### What the task asks:
Whenever a line in the data below includes the string "will", copy it out.

### Working data:
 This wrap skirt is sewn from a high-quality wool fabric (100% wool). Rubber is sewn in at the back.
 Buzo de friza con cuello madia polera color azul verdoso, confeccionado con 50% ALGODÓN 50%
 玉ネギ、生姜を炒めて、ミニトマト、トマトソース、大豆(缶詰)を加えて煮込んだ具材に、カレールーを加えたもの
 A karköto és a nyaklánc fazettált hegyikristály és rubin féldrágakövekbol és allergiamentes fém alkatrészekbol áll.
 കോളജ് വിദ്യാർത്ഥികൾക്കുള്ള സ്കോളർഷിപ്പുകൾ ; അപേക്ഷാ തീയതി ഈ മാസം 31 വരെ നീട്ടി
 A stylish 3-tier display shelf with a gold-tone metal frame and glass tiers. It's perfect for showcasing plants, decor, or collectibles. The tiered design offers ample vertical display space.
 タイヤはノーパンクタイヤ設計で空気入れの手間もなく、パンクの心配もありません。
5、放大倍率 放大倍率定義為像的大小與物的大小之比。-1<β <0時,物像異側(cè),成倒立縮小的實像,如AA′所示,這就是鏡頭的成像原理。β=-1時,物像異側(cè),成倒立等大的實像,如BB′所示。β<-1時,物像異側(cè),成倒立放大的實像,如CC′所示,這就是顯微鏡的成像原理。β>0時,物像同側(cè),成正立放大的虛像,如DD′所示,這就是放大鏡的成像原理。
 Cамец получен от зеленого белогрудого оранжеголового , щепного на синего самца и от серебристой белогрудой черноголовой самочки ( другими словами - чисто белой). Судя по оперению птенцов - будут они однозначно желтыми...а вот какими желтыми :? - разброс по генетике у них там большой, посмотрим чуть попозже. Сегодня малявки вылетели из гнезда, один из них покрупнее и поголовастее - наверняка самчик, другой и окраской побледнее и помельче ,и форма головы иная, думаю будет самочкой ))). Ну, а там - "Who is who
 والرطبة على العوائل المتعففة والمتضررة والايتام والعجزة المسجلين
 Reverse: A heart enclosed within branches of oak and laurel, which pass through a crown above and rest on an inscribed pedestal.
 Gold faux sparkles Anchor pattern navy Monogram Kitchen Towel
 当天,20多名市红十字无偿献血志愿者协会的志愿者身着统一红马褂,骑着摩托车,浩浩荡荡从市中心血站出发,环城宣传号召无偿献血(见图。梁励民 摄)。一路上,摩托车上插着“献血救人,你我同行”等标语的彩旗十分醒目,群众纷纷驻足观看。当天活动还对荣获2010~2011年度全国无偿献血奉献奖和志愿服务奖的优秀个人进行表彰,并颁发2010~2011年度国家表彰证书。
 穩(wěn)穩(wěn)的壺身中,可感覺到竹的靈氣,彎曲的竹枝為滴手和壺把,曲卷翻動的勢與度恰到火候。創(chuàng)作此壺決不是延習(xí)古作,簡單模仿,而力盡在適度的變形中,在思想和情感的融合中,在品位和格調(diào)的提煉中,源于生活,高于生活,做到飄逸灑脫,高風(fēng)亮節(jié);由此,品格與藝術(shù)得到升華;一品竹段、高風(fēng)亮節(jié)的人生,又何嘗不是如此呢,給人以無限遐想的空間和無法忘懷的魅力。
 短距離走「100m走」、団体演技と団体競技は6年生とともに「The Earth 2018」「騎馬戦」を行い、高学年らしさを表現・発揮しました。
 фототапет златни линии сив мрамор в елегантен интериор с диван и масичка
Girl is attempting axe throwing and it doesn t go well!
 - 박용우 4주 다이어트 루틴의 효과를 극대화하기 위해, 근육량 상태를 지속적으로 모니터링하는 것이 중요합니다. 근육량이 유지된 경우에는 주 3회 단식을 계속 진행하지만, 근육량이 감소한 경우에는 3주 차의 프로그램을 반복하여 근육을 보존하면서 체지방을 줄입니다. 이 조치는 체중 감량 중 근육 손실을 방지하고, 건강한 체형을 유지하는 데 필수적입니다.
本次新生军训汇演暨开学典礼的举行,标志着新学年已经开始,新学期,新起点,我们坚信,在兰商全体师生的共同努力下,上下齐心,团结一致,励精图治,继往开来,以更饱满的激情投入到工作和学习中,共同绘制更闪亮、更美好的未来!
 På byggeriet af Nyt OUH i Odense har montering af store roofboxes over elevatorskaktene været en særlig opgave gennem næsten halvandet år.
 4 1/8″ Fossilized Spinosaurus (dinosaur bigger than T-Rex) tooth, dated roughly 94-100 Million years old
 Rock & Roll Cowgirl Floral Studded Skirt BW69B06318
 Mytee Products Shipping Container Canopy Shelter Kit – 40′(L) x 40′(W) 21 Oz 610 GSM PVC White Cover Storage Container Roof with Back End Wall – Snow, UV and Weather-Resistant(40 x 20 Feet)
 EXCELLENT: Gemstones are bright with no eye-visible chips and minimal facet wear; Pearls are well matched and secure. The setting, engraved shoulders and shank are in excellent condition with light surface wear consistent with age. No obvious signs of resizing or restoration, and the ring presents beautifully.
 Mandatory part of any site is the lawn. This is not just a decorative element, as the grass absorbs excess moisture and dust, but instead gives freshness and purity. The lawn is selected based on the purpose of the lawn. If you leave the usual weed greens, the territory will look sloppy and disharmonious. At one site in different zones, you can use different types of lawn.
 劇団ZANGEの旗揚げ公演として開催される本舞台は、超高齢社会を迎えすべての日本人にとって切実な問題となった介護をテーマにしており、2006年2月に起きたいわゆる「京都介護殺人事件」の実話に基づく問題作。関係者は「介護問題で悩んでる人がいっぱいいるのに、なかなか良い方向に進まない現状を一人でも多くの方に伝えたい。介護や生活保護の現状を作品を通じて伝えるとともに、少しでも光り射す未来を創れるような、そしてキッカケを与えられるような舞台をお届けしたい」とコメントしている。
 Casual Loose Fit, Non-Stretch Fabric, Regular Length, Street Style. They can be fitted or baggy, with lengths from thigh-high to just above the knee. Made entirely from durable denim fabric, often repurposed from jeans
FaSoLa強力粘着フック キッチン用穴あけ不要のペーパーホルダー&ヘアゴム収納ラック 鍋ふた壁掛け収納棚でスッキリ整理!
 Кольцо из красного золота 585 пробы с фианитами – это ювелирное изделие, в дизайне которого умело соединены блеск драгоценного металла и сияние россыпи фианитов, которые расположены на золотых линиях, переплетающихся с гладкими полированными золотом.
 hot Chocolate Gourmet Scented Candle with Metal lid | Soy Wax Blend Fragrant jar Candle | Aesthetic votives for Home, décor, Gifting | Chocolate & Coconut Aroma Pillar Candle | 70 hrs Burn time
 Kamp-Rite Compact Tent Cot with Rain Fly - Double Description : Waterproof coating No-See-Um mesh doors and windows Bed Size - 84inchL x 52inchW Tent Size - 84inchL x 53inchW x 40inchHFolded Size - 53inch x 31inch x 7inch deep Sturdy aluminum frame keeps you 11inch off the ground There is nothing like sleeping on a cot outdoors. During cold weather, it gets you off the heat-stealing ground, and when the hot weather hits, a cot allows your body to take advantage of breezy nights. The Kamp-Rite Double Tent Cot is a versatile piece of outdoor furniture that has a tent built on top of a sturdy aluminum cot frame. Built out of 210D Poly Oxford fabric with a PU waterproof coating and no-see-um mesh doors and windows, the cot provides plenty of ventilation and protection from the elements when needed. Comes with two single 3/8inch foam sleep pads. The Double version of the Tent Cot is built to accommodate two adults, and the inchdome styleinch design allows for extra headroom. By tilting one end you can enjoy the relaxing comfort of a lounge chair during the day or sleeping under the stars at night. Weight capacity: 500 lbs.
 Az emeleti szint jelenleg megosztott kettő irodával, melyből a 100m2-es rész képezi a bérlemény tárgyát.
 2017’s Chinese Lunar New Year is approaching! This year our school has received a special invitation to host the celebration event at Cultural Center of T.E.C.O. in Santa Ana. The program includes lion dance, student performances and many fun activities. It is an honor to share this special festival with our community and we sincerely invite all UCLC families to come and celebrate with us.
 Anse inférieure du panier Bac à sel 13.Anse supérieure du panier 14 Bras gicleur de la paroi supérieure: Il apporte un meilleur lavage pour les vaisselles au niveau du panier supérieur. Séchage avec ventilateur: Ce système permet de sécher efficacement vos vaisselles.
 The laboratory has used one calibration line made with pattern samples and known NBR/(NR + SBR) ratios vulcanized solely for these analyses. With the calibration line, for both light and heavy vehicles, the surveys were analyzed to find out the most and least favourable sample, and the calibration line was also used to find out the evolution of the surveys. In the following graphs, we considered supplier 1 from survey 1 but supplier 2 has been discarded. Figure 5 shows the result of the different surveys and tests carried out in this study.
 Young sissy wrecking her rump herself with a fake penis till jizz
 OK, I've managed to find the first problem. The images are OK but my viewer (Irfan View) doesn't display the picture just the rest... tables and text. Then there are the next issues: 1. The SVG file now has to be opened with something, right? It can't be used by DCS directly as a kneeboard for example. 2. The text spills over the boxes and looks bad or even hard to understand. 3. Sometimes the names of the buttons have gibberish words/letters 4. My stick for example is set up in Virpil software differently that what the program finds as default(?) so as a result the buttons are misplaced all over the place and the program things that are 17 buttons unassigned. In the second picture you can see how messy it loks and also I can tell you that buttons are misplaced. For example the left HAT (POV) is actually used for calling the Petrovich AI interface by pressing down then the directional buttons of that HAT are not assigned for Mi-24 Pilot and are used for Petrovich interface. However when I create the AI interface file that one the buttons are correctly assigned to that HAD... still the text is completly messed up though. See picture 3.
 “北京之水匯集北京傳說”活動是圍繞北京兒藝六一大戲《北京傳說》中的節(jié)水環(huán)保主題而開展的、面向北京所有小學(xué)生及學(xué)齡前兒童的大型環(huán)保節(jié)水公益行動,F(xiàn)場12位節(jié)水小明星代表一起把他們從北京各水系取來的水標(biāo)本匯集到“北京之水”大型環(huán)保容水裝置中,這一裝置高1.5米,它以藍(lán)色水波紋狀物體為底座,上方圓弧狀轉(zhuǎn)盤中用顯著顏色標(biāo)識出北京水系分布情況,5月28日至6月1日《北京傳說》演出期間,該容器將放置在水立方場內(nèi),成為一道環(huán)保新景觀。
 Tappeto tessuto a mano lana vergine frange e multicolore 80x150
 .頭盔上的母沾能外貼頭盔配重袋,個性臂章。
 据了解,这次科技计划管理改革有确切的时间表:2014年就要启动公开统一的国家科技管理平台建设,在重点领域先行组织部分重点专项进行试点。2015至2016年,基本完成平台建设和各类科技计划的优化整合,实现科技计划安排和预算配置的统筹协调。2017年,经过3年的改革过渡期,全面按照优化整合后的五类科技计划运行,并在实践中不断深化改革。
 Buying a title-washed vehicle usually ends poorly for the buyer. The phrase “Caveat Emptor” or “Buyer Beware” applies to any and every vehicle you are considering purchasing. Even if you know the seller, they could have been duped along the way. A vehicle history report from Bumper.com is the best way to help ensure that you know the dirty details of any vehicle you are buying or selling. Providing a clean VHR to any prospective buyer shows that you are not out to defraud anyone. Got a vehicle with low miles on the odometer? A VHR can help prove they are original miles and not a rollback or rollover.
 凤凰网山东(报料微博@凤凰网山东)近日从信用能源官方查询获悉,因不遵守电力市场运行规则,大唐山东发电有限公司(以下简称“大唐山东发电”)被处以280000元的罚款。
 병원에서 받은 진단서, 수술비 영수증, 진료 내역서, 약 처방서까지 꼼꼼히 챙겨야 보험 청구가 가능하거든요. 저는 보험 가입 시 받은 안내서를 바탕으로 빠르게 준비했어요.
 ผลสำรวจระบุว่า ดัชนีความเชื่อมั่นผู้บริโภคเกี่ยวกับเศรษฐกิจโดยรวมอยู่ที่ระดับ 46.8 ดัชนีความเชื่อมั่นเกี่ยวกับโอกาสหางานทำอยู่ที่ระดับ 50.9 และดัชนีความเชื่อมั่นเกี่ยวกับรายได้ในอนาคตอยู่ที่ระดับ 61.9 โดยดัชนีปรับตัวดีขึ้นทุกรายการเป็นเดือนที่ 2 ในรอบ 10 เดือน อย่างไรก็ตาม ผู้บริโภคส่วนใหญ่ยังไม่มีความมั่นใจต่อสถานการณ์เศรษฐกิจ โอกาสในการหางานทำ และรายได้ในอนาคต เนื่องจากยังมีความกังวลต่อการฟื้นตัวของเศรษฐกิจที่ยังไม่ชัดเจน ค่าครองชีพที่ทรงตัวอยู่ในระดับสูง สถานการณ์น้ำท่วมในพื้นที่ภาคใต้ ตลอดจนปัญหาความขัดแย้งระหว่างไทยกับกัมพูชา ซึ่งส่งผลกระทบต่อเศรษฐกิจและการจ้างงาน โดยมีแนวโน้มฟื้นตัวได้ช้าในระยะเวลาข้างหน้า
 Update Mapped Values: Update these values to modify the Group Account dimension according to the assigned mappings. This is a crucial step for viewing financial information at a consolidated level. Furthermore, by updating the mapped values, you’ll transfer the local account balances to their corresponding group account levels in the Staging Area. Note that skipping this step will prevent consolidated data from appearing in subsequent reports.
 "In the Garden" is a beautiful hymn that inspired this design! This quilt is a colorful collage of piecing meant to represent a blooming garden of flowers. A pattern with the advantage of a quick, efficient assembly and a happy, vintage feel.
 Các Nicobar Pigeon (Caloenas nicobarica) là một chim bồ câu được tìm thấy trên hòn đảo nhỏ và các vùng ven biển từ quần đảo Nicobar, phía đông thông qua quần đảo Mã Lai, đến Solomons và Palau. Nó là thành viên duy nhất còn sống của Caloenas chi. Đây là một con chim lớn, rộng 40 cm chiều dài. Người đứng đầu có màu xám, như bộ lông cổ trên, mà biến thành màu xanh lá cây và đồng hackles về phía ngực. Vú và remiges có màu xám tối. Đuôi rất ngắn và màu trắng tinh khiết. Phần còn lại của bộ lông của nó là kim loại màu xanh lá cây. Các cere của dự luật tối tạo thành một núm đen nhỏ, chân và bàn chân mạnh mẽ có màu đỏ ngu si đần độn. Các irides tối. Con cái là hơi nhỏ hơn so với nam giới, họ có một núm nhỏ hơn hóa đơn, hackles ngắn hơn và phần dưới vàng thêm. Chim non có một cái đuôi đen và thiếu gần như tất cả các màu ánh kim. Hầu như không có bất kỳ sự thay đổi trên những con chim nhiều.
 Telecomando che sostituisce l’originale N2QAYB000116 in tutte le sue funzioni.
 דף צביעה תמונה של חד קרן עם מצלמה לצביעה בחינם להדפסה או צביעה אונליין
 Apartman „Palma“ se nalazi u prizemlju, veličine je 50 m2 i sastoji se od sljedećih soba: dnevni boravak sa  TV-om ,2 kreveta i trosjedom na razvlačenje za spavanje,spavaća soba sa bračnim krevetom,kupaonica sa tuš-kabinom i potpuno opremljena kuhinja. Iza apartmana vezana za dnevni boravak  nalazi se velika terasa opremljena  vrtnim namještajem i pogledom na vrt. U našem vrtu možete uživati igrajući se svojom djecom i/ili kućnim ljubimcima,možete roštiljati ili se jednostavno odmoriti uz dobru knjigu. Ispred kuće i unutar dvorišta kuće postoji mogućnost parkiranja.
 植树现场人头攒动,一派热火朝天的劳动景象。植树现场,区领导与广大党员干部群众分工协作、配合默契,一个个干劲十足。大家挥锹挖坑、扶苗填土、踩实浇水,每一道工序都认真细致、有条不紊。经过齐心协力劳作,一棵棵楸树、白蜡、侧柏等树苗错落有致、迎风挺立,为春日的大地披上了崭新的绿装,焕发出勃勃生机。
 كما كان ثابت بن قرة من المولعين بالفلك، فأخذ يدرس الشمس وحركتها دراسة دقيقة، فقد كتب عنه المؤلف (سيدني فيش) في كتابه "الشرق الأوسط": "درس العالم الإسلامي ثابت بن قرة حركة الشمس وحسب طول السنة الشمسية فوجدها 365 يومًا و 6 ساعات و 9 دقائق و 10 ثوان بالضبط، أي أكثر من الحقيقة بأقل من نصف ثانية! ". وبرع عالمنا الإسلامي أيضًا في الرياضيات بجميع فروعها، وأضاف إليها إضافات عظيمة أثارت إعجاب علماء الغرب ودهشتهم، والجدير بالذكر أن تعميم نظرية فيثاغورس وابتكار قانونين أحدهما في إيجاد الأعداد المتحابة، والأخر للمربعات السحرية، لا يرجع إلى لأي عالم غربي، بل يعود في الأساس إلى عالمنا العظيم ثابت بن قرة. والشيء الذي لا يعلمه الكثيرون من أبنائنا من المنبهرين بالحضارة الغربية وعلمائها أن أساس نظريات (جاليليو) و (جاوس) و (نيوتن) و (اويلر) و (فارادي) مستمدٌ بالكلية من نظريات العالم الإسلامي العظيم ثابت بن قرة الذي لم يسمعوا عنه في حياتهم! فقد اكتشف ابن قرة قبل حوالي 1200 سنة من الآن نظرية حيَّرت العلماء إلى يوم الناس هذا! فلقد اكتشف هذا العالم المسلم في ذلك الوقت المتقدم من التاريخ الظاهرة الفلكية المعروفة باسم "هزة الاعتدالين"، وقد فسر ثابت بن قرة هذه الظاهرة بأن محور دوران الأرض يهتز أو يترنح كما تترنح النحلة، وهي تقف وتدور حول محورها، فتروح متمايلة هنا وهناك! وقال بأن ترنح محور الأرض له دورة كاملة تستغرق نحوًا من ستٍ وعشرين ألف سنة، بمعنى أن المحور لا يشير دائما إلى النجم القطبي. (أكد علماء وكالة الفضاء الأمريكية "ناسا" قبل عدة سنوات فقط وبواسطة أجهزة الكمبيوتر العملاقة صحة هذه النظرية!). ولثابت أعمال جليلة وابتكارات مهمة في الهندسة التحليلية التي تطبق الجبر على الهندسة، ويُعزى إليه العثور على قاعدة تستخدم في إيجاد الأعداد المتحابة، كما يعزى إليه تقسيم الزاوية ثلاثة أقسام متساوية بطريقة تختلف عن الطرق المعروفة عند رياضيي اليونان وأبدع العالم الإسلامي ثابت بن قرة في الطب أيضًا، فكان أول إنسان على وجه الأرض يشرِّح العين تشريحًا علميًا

### Solution to this exercise:
 Mandatory part of any site is the lawn. This is not just a decorative element, as the grass absorbs excess moisture and dust, but instead gives freshness and purity. The lawn is selected based on the purpose of the lawn. If you leave the usual weed greens, the territory will look sloppy and disharmonious. At one site in different zones, you can use different types of lawn.
 Update Mapped Values: Update these values to modify the Group Account dimension according to the assigned mappings. This is a crucial step for viewing financial information at a consolidated level. Furthermore, by updating the mapped values, you’ll transfer the local account balances to their corresponding group account levels in the Staging Area. Note that skipping this step will prevent consolidated data from appearing in subsequent reports.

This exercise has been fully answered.